-------- DATA IN THIS EXERCISE

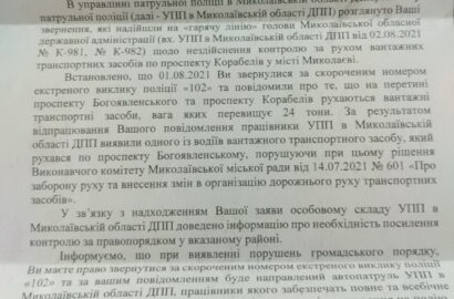 »У зв’язку з надходженням Вашої заяви, особовому складу УПП в Миколаївській області Департаментом патрульної поліції доведено інформацію про необхідність посилення контролю за правопорядком у вказаному районі», — добавили в ответе.
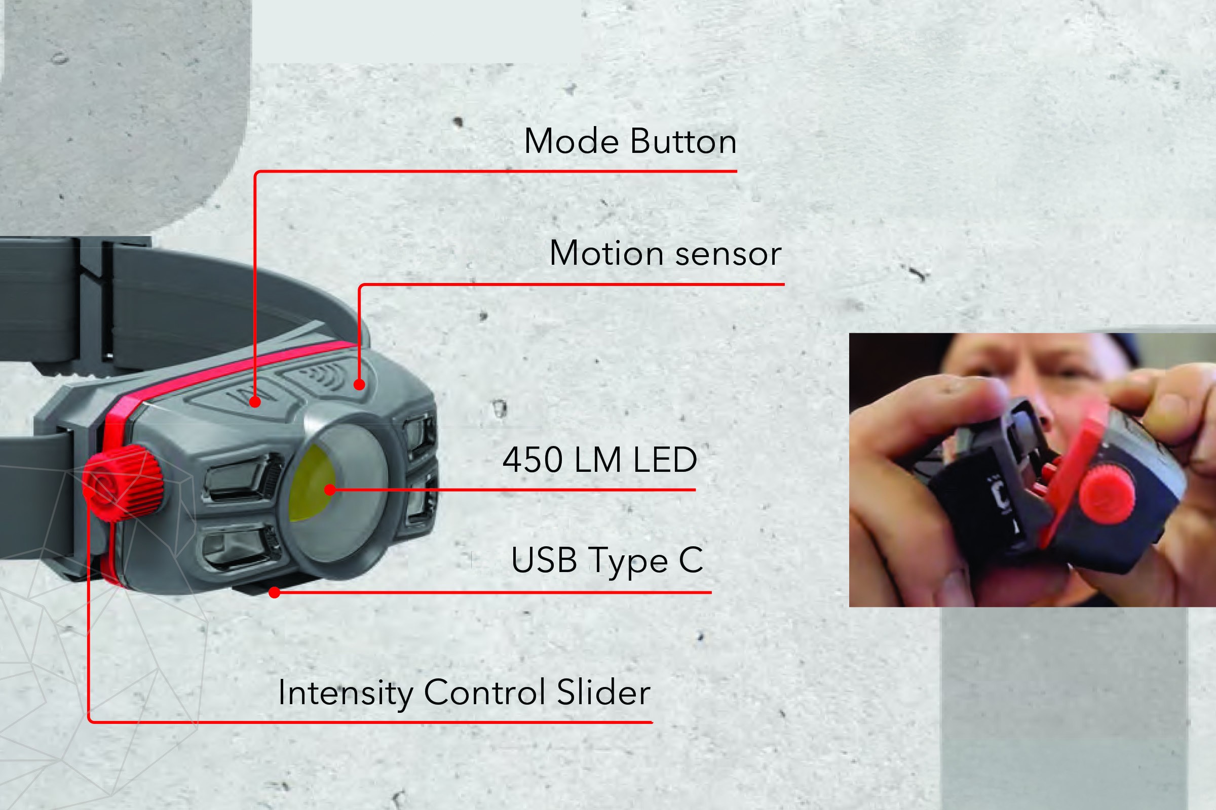 Es verfügt über einen intelligenten Bewegungssensor zur freihändigen Aktivierung und eignet sich daher ideal für Aufgaben, die beide Hände erfordern, oder für eine schnelle und bequeme Bedienung. Der Tragekomfort wird durch ein ergonomisches Kopfband und Silikonbänder optimiert, die auch bei intensiven Bewegungen für perfekten Halt auf dem Kopf sorgen.
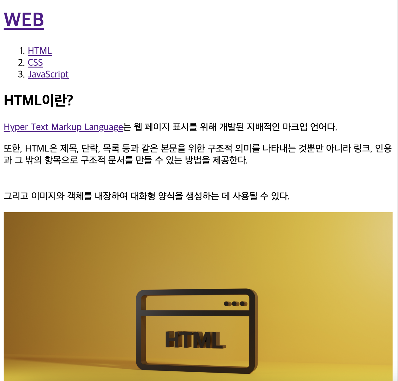 <p><a href="https://www.w3.org/TR/2011/WD-html5-20110405/index.html" target="_blank" title="html specification">Hyper Text Markup Language</a>는 웹 페이지 표시를 위해 개발된 지배적인 마크업 언어다.
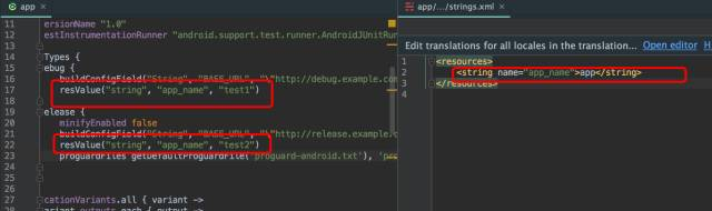 同样的Gradle也提供了一个resValue() 方法,下面就是定义了一个app_name的string资源。
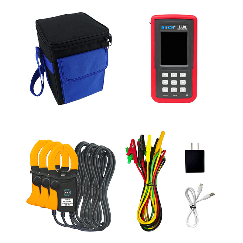 隨機(jī)附件 | 主機(jī)1件;互感器1個(gè)(ETCR8400)/3個(gè)(ETCR8430);電壓輸入線2條(ETCR8400)/4條(ETCR8430);數(shù)據(jù)線1個(gè);電源適配器1個(gè);工具包1件 |
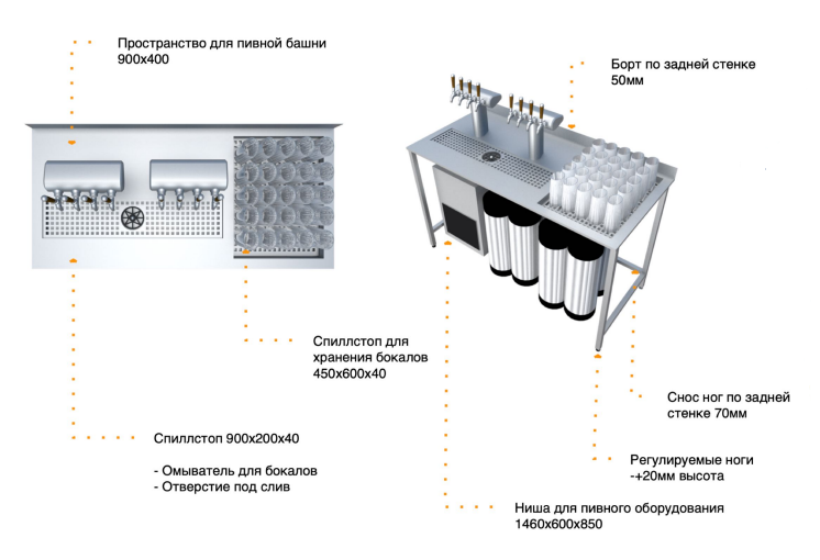 Пивной модуль BARMADE 1500х700х900 мм предназначен для размещения пивного оборудования и эффективной организации барного места на предприятиях общественного питания и торговли. Модель оснащена стендом на 4 опорах. Изделие выполнено из нержавеющей стали марки AISI430, опоры – из профиля трубы квадратного сечения. Пивное оборудование не входит в комплект поставки и приобретается отдельно. Комплектация:
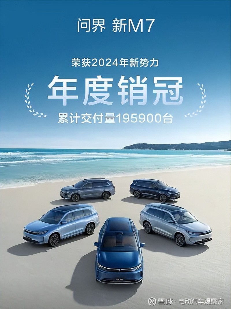 问界品牌当然是占比最大的。其中问界M7是爆款,鸿蒙智行宣布,2024年新势力单车型销冠是问界新M7,销量19.59万辆。问界M9预计超过15万辆。
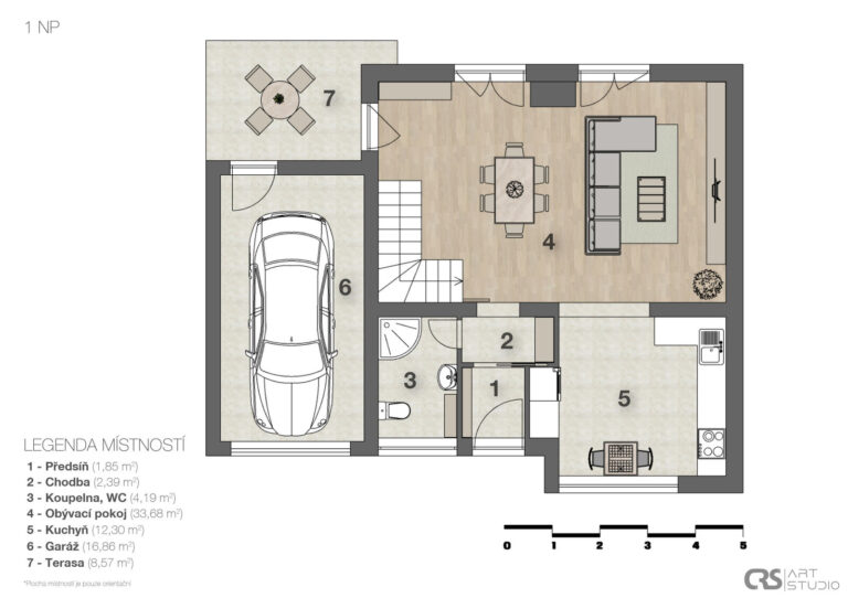 Pohodlné parkování vám zajistí garáž pro 1 vozidlo, kryté venkovní stání pro 1 vozidlo a stání na místní komunikaci.
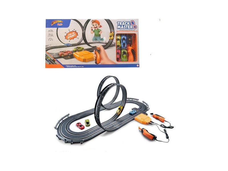U setu: trkačka staza, 2 baze za vozila + 4 maske, daljinski upravljač, 2 džojstika, adapter. Razmera: 1:64.
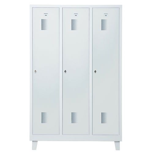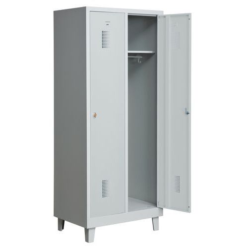 Garderobeskab med en, to, tre eller fire døre. Låsning med hængelås. Overfladen er pulverlakeret med en slidstærk strukturlak, der beskytter mod slitage. Skabet er designet med en sokkelkant i bunden, hvilket gør det fleksibelt at placere direkte på gulvet, på benstativ eller kombineret med en siddebænk. Perfekt alternativ til både omklædningsrum og gangareal.
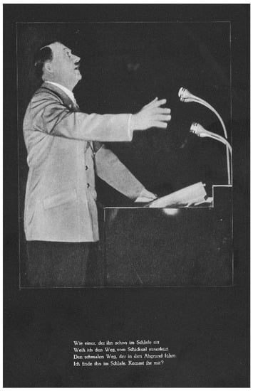 Read on its own, then, this poem could be seen as an exploration of an imaginative, dreamy state of mind (à la Romanticism) or a distortion of sensual reality in the interest of blurring the boundary between (rational) life and (the irrationality of) art, after the kinds of modernist practices (of Symbolists, Surrealists, etc.) that dominated much of Brecht’s poetic milieu. But Brecht does not leave the poem on its own, in a state of vagueness and openness to a multiplicity of interpretations, as much postmodernist poetry would later aspire to do. Instead, he provides us a with a concrete, irrefutable, and absolutely visible referent: a photograph of Adolf Hitler.
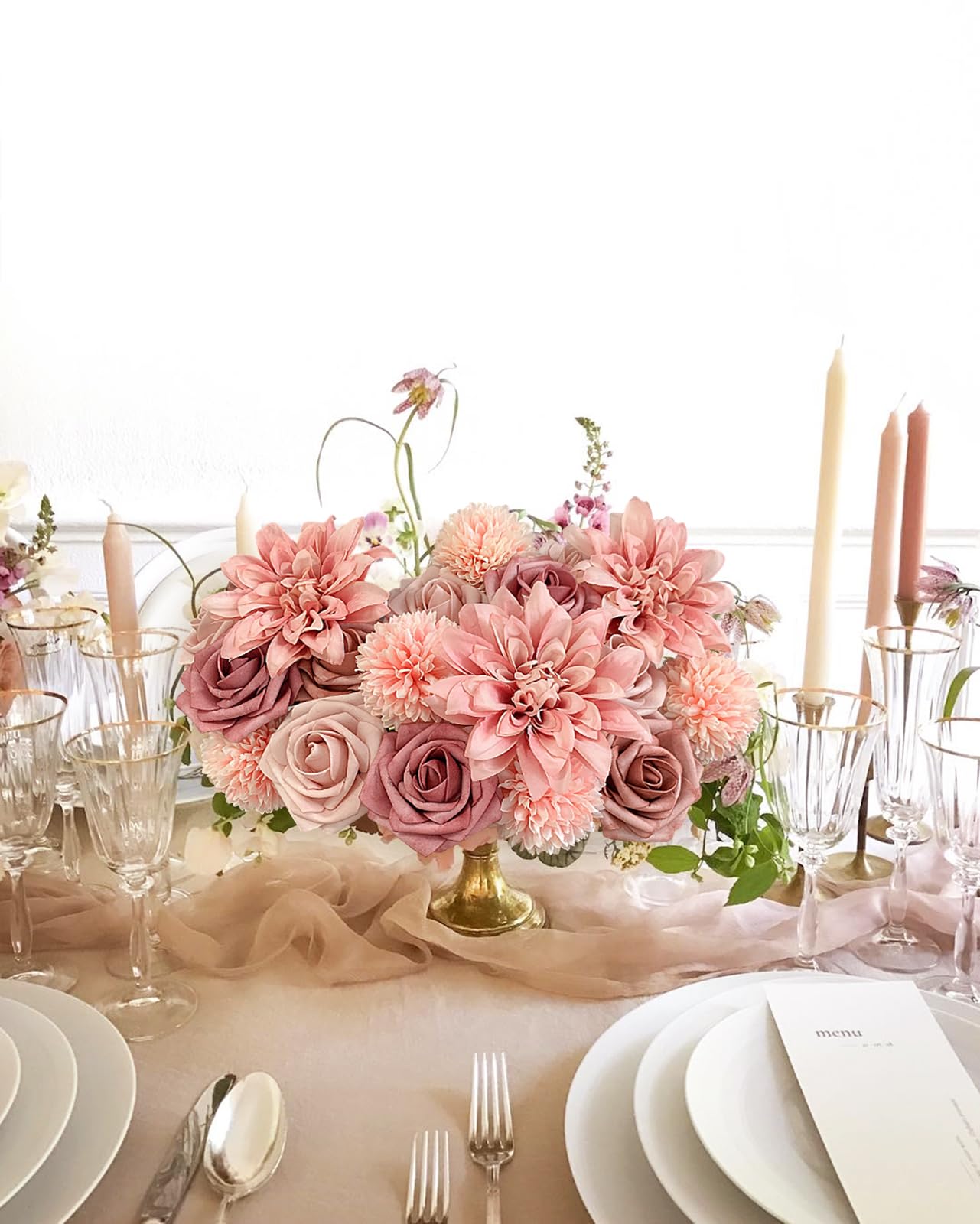 Multipurpose: Pink artificial flowers for decoration are the perfect base for wedding table centerpieces and faux floral arrangements. Easily style the dusty pink roses artificial flowers in bouquet, wreath, garlands, cake decorating, arch, vase, backdrop

----------------

**ACTIVITY**
Every line above from the one with "Es verfügt über" down to the one with "U setu: trkačka" must be written out exactly, and no picture may appear.

**SOLVED EXERCISE**
 Es verfügt über einen intelligenten Bewegungssensor zur freihändigen Aktivierung und eignet sich daher ideal für Aufgaben, die beide Hände erfordern, oder für eine schnelle und bequeme Bedienung. Der Tragekomfort wird durch ein ergonomisches Kopfband und Silikonbänder optimiert, die auch bei intensiven Bewegungen für perfekten Halt auf dem Kopf sorgen.
 <p><a href="https://www.w3.org/TR/2011/WD-html5-20110405/index.html" target="_blank" title="html specification">Hyper Text Markup Language</a>는 웹 페이지 표시를 위해 개발된 지배적인 마크업 언어다.
 同样的Gradle也提供了一个resValue() 方法,下面就是定义了一个app_name的string资源。
 隨機(jī)附件 | 主機(jī)1件;互感器1個(gè)(ETCR8400)/3個(gè)(ETCR8430);電壓輸入線2條(ETCR8400)/4條(ETCR8430);數(shù)據(jù)線1個(gè);電源適配器1個(gè);工具包1件 |
 Пивной модуль BARMADE 1500х700х900 мм предназначен для размещения пивного оборудования и эффективной организации барного места на предприятиях общественного питания и торговли. Модель оснащена стендом на 4 опорах. Изделие выполнено из нержавеющей стали марки AISI430, опоры – из профиля трубы квадратного сечения. Пивное оборудование не входит в комплект поставки и приобретается отдельно. Комплектация:
 问界品牌当然是占比最大的。其中问界M7是爆款,鸿蒙智行宣布,2024年新势力单车型销冠是问界新M7,销量19.59万辆。问界M9预计超过15万辆。
 Pohodlné parkování vám zajistí garáž pro 1 vozidlo, kryté venkovní stání pro 1 vozidlo a stání na místní komunikaci.
U setu: trkačka staza, 2 baze za vozila + 4 maske, daljinski upravljač, 2 džojstika, adapter. Razmera: 1:64.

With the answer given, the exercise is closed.